1/ First, understand that as both a legal matter *and* a political matter the importance—indeed necessity—of correctly discussing *two* Trump Tower Moscow deals rather than one has nothing to do with the date range some who know better focus on: June 16, 2015 to November 8, 2016.
2/ *Legally*, as a matter of Bribery—a discrete federal crime designated as an impeachable offense in the Constitution—the question is whether Trump participated in a course of conduct that began *anytime* pre-election and had him promising specific policy as POTUS for *payment*.
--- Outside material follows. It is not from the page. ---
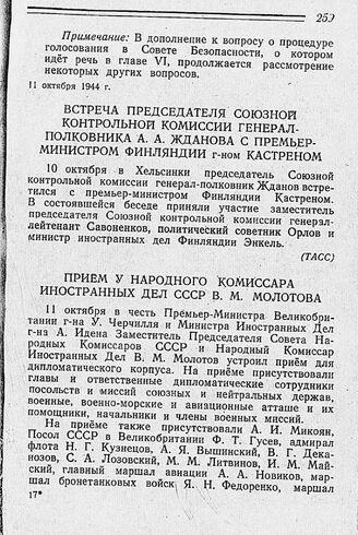 Прием у Народного Комиссара Иностранных Дел СССР В. М. Молотова. 11 октября 1944 г.

3/ *Politically*, Trump's tweets denying ties to Russia—a political malfeasance that could contribute in small part to Conspiracy to Defraud the U.S. charges—purposefully didn't specify dates. Trump was just telling us his foreign policy was unaffected by business considerations.
4/ So as an *initial* matter, *any* journalist who focuses your attention on (or restricts facts' "relevance" to) a specific date range (usually, but not always, June 16, 2015 to November 8, 2016) has absolutely *no* legal or political (let alone journalistic) basis for doing so.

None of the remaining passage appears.